Referral From a Lost Opportunity
Two years ago I lost a bid on a project, and just last week the would-be client recommended me over the design firm he eventually used. It seems that maintaining professionalism and humbleness even in the face of defeat can also yield opportunities.
Something odd happened to me earlier this week that I think is worth relating strictly for its anecdotal qualities. It turns out that a new client I met with just this week was referred to me by a person for whose website project I bid on but ultimately lost to a competitor.
Two years ago, a commercial real estate developer contacted me to provide an estimate on a website redesign. I put together a competitive and detailed proposal, and visited the client in their office to go over my methodology, their business, and the scope of the new site in some detail. I was confident the job was mine; the client and I developed an immediate back-slapping rapport, and we clearly saw eye-to-eye on all aspects of the project.

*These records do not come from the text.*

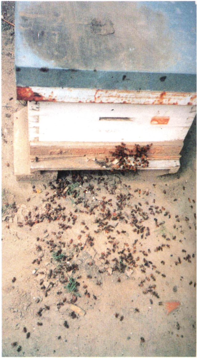 ▲112 在施药菜地上采蜜后中毒的蜜蜂(北京板井)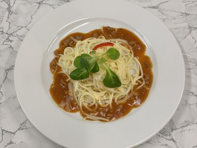 Spaghetti alla Bolognese Pomalu vařené ragú z mletého hovězího a vepřového masa, dušené s kořenovou zeleninou a rajčaty, podávané s parmazánem. Alergeny: 1, 7, 9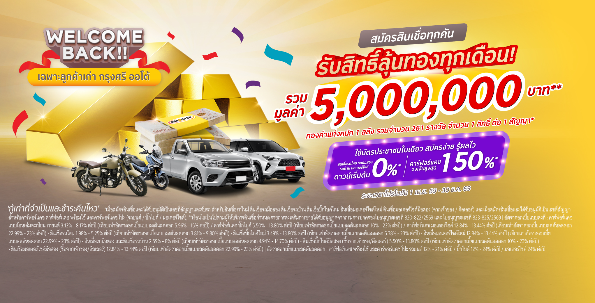 | สินเชื่อรถใหม่ | ลุ้นทองคำ 261 รางวัล รวมมูลค่า 5,000,000 บาท* |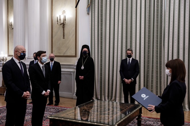 Με πολιτικό όρκο ορκίστηκαν οι Γιώργος Αμυράς και Νικόλας Γιατρομανωλάκης το μεσημέρι της Τρίτης (04/1) στο Προεδρικό Μέγαρο, ενώπιον του Πρωθυπουργού Κυριάκου Μητσοτάκη και της Προέδρου της Δημοκρατίας Κατερίνας Σακελλάροπούλου.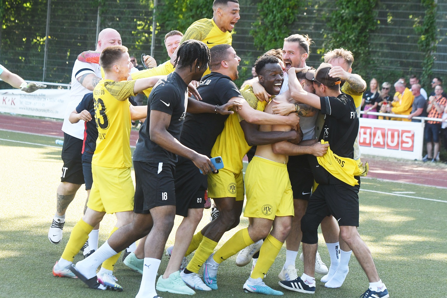 Durch einen 3:0 Erfolg gegen den VfL Alfter hat die 1. Herrenmannschaft des FVE am vergangenen Wochenende den Aufstieg in die Mittelrheinliga und damit fünfthöchste Spielklasse geschafft. Die Jugendabteilung gratuliert der gesamten Seniorenabteilung, insbesondere den Spielern und Trainern der ersten Mannschaft, zu dieser grandiosen Leistung. Damit spielt der FVE in der nächsten Saison mit seiner 1. Herrenmannschaft in einer Liga z. B. mit dem Bonner SC. Absolut großartig! Auch gratulieren wir der 3. Herrenmannschaft zum Aufstieg in die Kreisliga B nachdem man erst im Vorjahr in die Kreisliga C aufgestiegen war.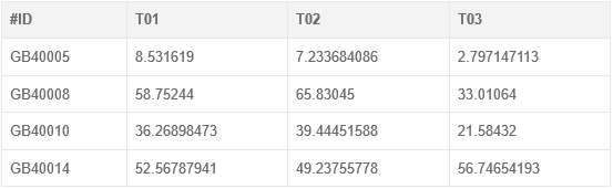 默認首行、首列為表頭,一般每列表示一個(gè)樣品,每行表示一個(gè)基因,也可統計其他含義的數據矩陣。除表頭外,參與統計繪圖的內容應為純數字,文件范例如下: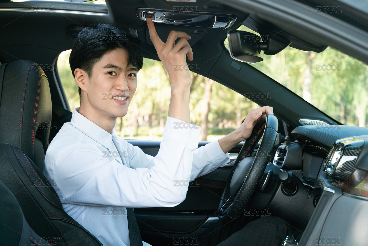 調(diào)節(jié)汽車(chē)內(nèi)飾的白襯衣男性駕駛員

Unfortunately, the client’s partner did not like me, and the company ended up going with another local design firm. I was surprised, annoyed, and disappointed. But I sent the would-be client one final e-mail congratulating them on finding a design firm with whom they were comfortable, good luck in future endeavors, and some other mushy business fluff that I considered a formality at the time.
Fast forward two years. Well it turns out the client I met with this week is related by marriage to this real estate developer, and when my new client sought recommendations for a local web designer, he gave her my name — not the name of the firm his own company ended up using.
I have never been referred by someone who chose not to use my services over a competitor; in fact, I never even considered it a source of leads. A lost bid is water under the bridge, after all. But I guess the qualities that help a freelancer win a job — professionalism, humbleness, and talent — are equally valuable when accepting defeat and backing out of an opportunity. You know, graceful exit and all that.